Promoted by the recent progress of deep neural networks, groundbreaking success has
also been achieved when combining deep learning techniques with the motion capture
data. Compared with traditional methods, deep neural network-based approaches can
synthesize controllable and high-quality motions with lower computing and memory
costs. While carrying these advantages, existing neural network-based approaches are
mainly targeted to locomotion control of humanoid characters. Meanwhile, there are
still many open challenges when synthesizing (1) non-human character motions, e.g.,
those of quadrupeds and (2) complex human motions such as interaction with the environment and manipulation of objects. For these reasons, in this thesis, we aim to
further investigate deep learning techniques for synthesizing complex motions including quadruped locomotion, humanoid-environment interactions and dexterous hand
manipulation.
We first introduce a Mode-Adaptive Neural Network structure for controlling
quadruped characters. This framework is composed of the motion prediction network
and the gating network. At each frame, the motion prediction network computes the
character state in the current frame given the state in the previous frame and the user-provided control signals. The gating network dynamically updates the weights of the
motion prediction network by selecting and blending a group of expert weights. Based
on such a mechanism, a specific combination of the experts only needs to focus on
learning a small subset of motions. Due to the increased flexibility, this framework can
be trained with unstructured dog motion capture data and synthesize quadruped motions with a wide variety of locomotion modes across both non-periodic and periodic
actions in real-time.
Secondly, we present a goal-directed controller Neural State Machine that can
produce both locomotion and close interaction motions between humanoid characters
and objects/environments. In addition to utilizing the gating structure proposed in the
previous work, we apply a control scheme that combines egocentric inference and
goal-centric inference to increase the precision of the interactions. To let characters
adapt to a wide range of geometry, we incorporate a volumetric representation for
understanding the environment and an efficient data augmentation scheme to randomly
switch the 3D geometry while maintaining the context of the original motion. We
demonstrate the versatility of our model with various scene interaction tasks such as
sitting on a chair, avoiding obstacles, opening and entering through a door, and carrying
objects generated in real-time just from a single model.

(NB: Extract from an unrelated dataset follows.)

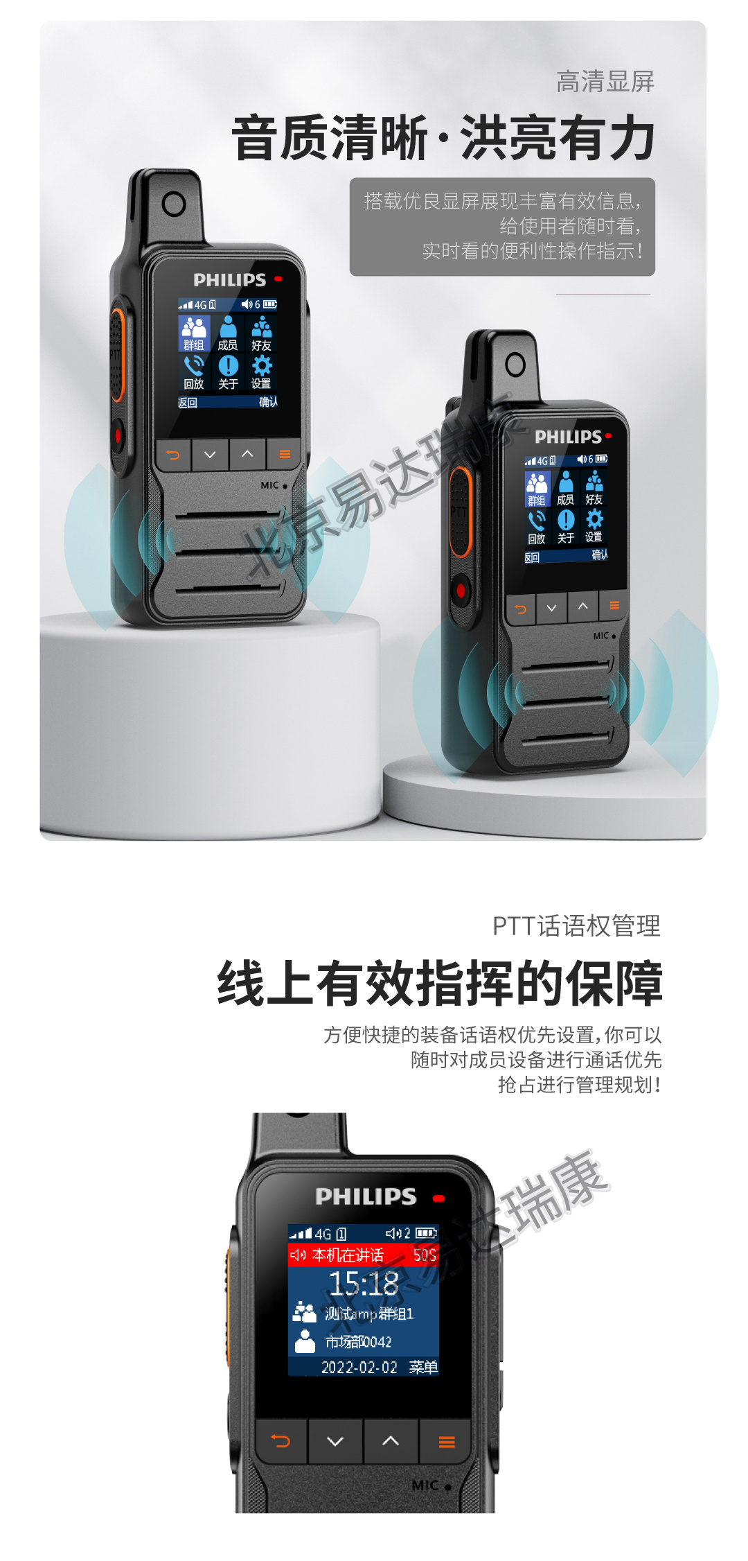 飛利浦公網智慧語音終端: 雙卡雙待/全國/公網對講/云端錄音/智慧平臺高效管理/快捷PTT呼叫/強勁續航/TYPE-C直充/可拆卸電池/ 續航無憂/智能降噪/對講

Finally, we tackle the problem of in-hand manipulations where a ManipNet framework combined with a novel hand-object spatial representation is introduced to synthesize dexterous finger movements. The hand-object spatial representation combines
the global object shape as voxel occupancies with local geometric details as samples
of closest distances. At each frame, we provide the network with the current finger
pose, past and future trajectories, and the spatial representations extracted from these
trajectories. The network then predicts a new finger pose for the next frame as an autoregressive model. With a carefully chosen hand-centric coordinate system, we can
handle single-handed and two-handed motions in a unified framework. We demonstrate the network is able to synthesize a variety of finger gaits for grasping, in-hand
manipulation, and bimanual object handling on a rich set of novel shapes and functional tasks by only training on a small number of primitive shapes and kitchenware
objects.